• _Task instructions_:
Transcribe, exactly and without pictures, the lines below from the line with "Dawn brightly announces" to the line with "Secrets By ZeroKaata", both ends included, and no others.

• _Information supplied_:
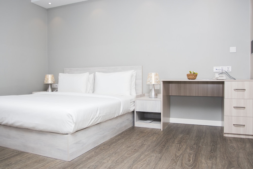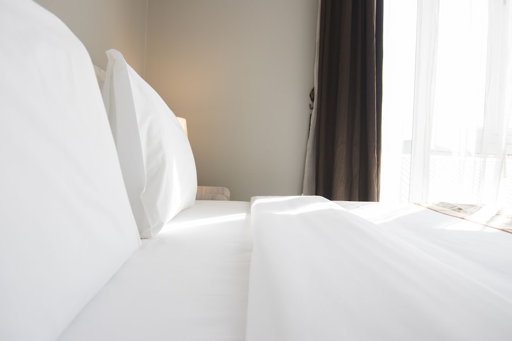 My room door alarm would not turn off when I was showed to my room. The window would not lock, and when tried to slide open by the hotel assistant, the entire window came off its railing and landed on the balcony outside. The curtain and walls were dirty, and I asked for another room ( alarm still sounding). Reception got another room key for a room opposite side of the corridor. The floor had obviously not been swept/vacuumed with dead mosquitoes squashed on the wall by the television ( which was not working). I locked the hotel safe but it would not unlock. I called reception to report the television, safe that would not unlock and opposite room alarm that was still sounding. Approximately 45 minutes later maintenance came to change batteries on TV remote, and plug TV into alternate power point which eventually got it working. The safe could not be opened ( fortunately I had not yet placed valuables in the safe), and carried my valuables to dinner out of the room. The alarm was eventually switched off. Sheets and towels were clean. The less said about the breakfast the following morning the better ( The New Yorker), fortunately I had fruit back in my hotel room I could enjoy after breakfast. The pool was nice, however the room reminded me of a school hostel. I would not recommend this as a stay, and would have checked out the following day if I was not only staying for one night.
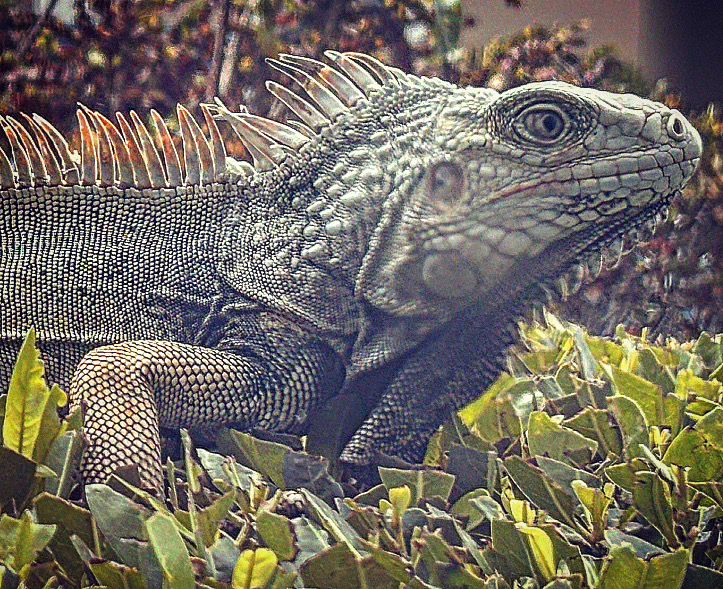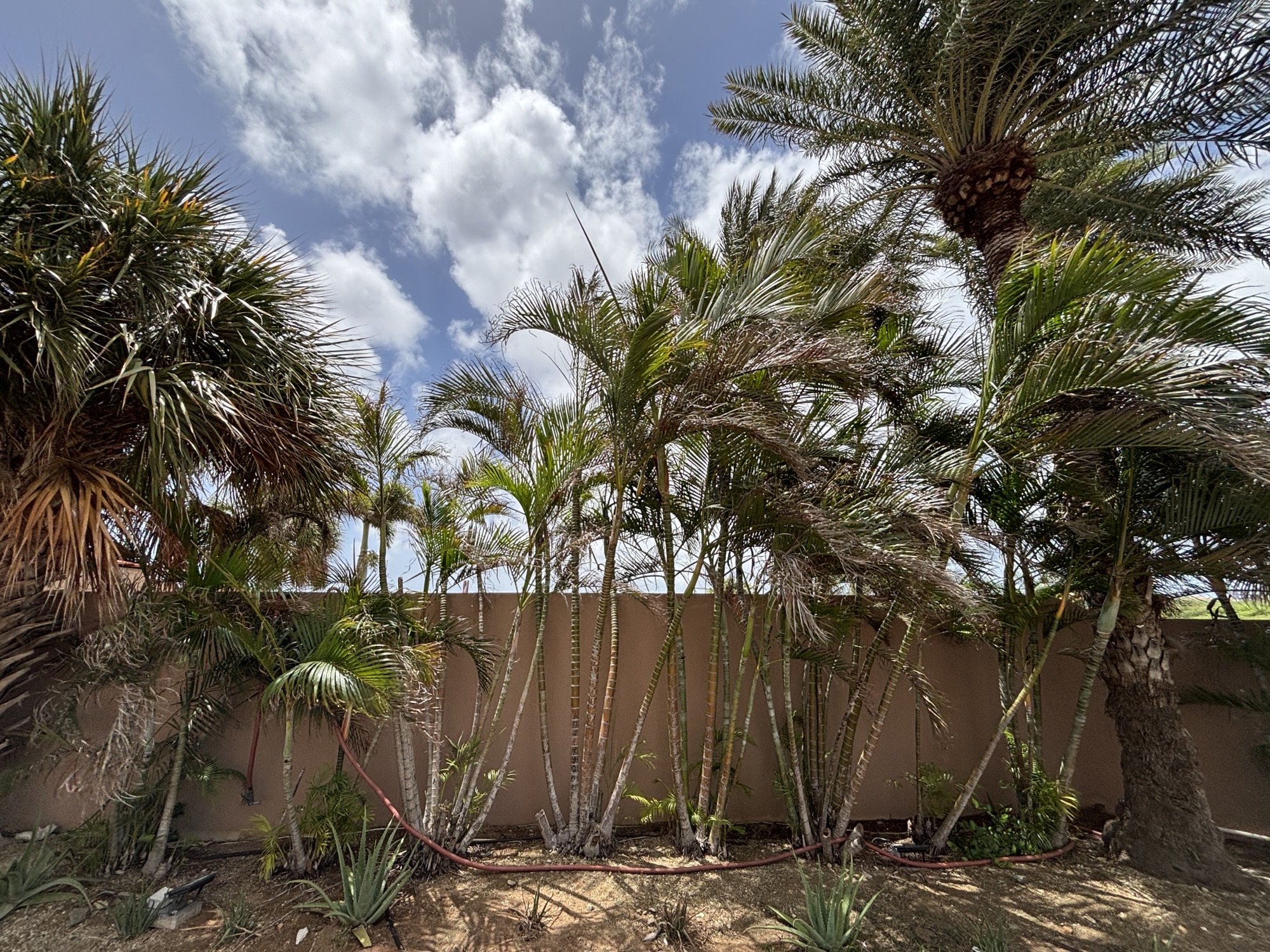 Dawn brightly announces itself and the winds that have remained travel through the worlds of verdant palm fronds and the stucco buildings. A blue lizard, a gecko, my favourite type, watches, plus a green one beyond. There is the pool, plus the green grasses where cats play and friendly tourists feed them.
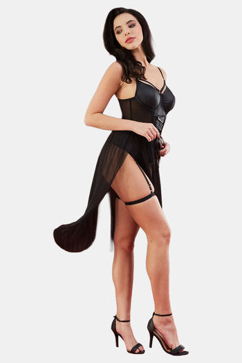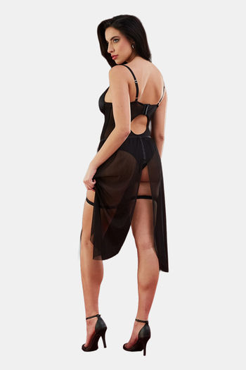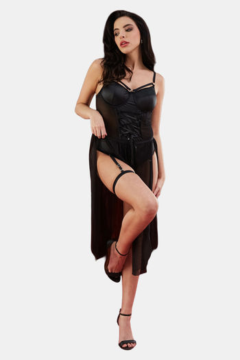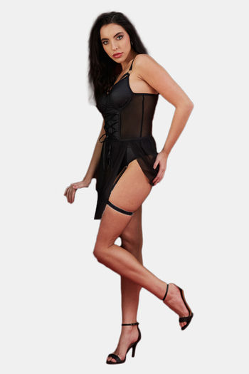 Secrets By ZeroKaata Sheer Corset-Style Baby Doll For Women- Black
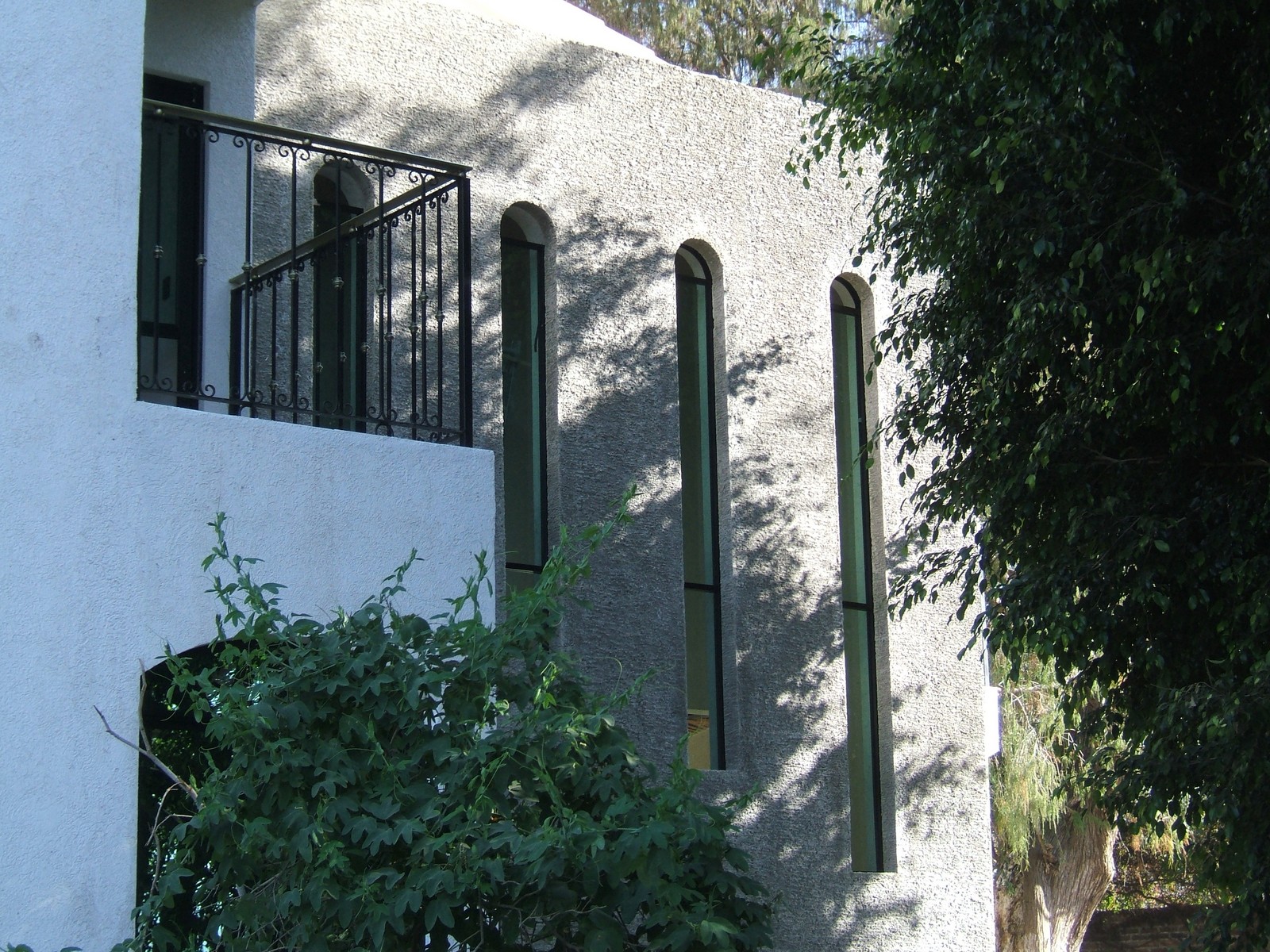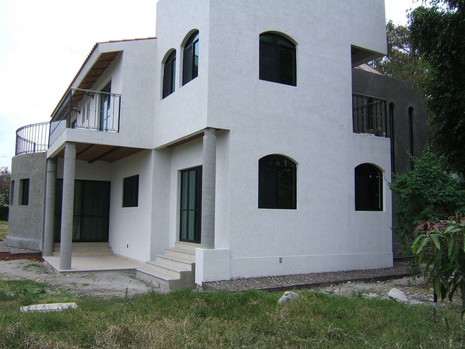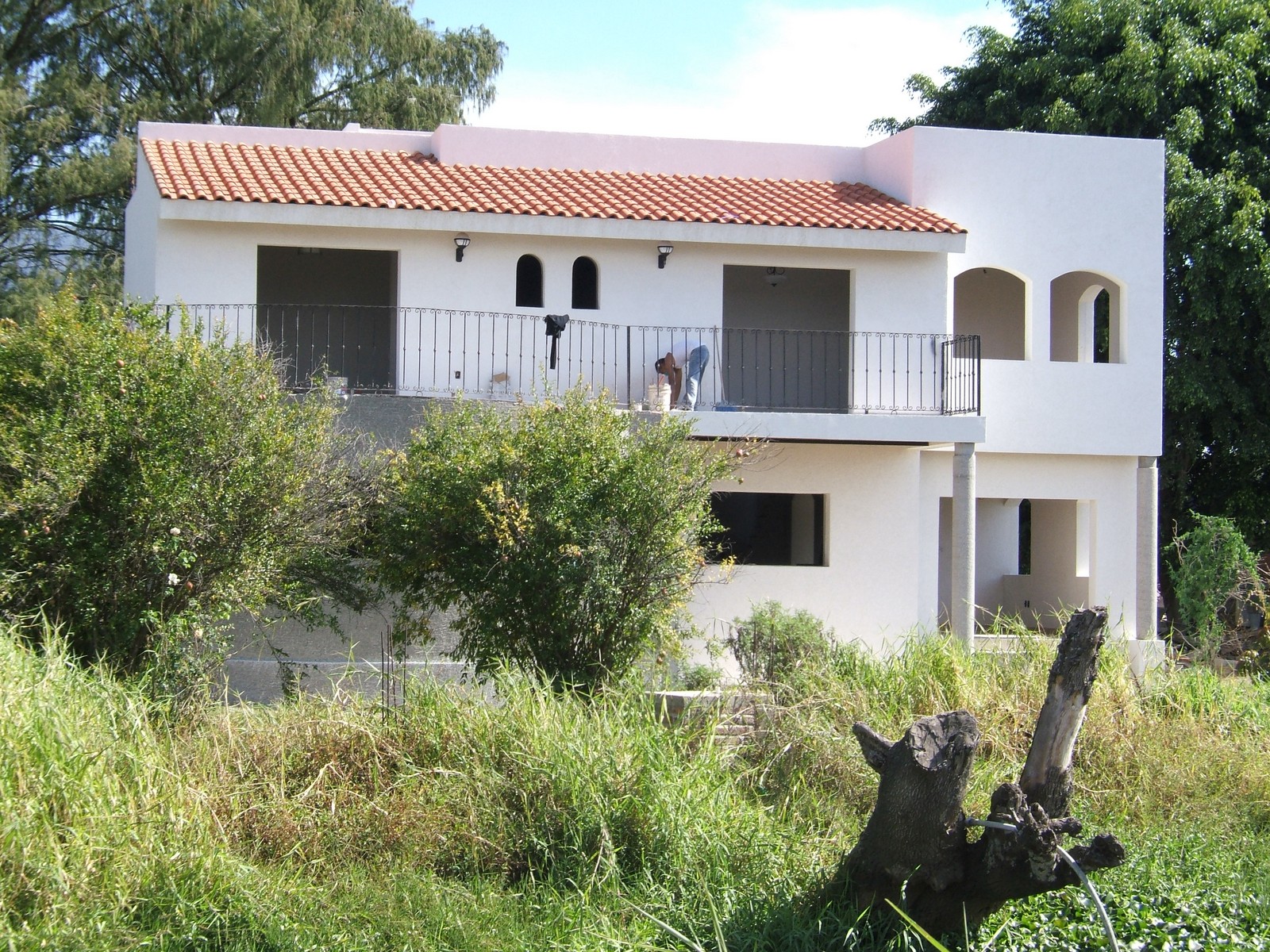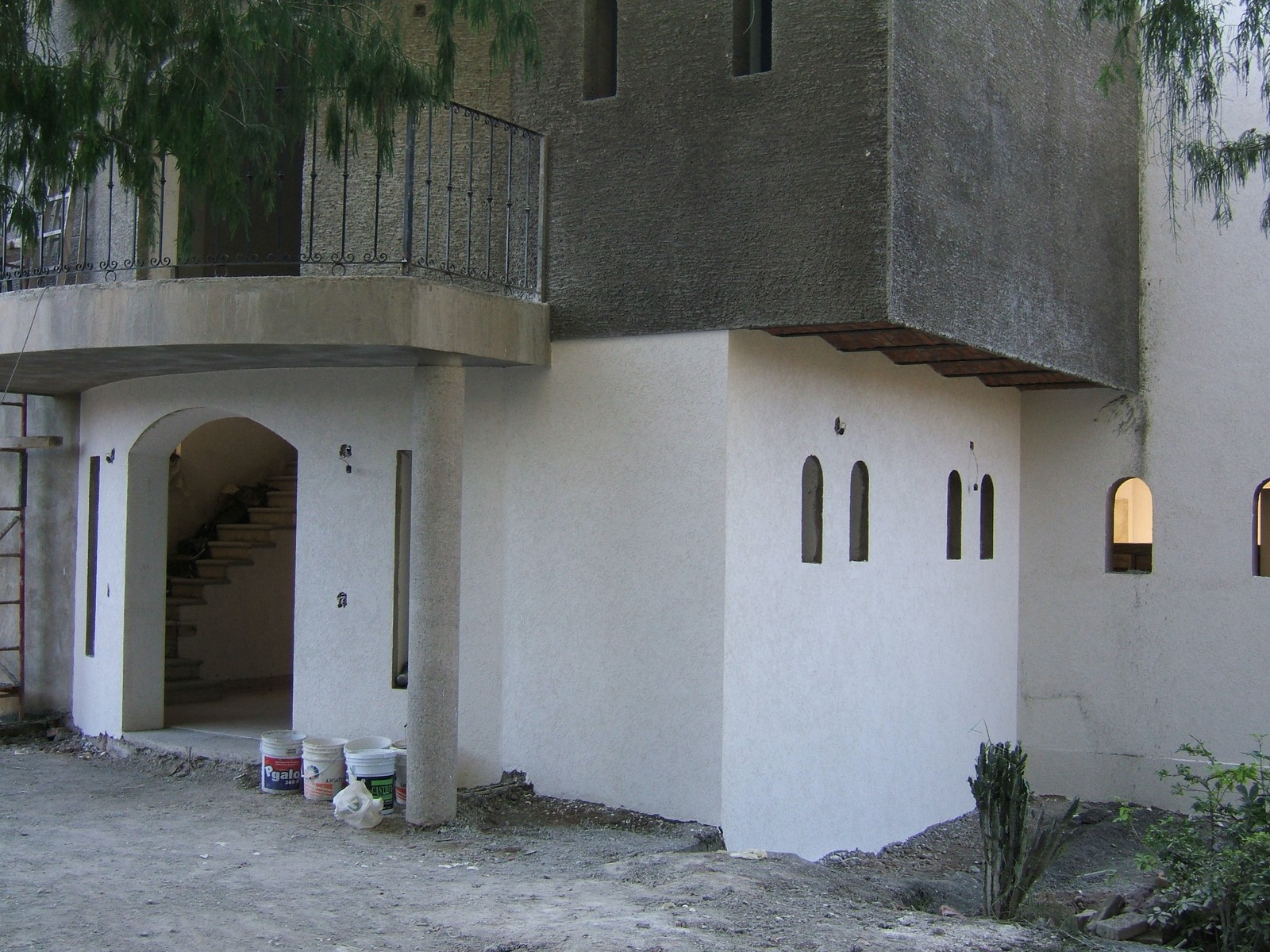 Ahora la mayoría del exterior del frente de la casa está terminada; concreto rústico para la planta alta y pintura texturizada para la planta baja. También se han colocado las rejas del balcón de la recámara principal.

• _Final answer_:
 Dawn brightly announces itself and the winds that have remained travel through the worlds of verdant palm fronds and the stucco buildings. A blue lizard, a gecko, my favourite type, watches, plus a green one beyond. There is the pool, plus the green grasses where cats play and friendly tourists feed them.
 Secrets By ZeroKaata Sheer Corset-Style Baby Doll For Women- Black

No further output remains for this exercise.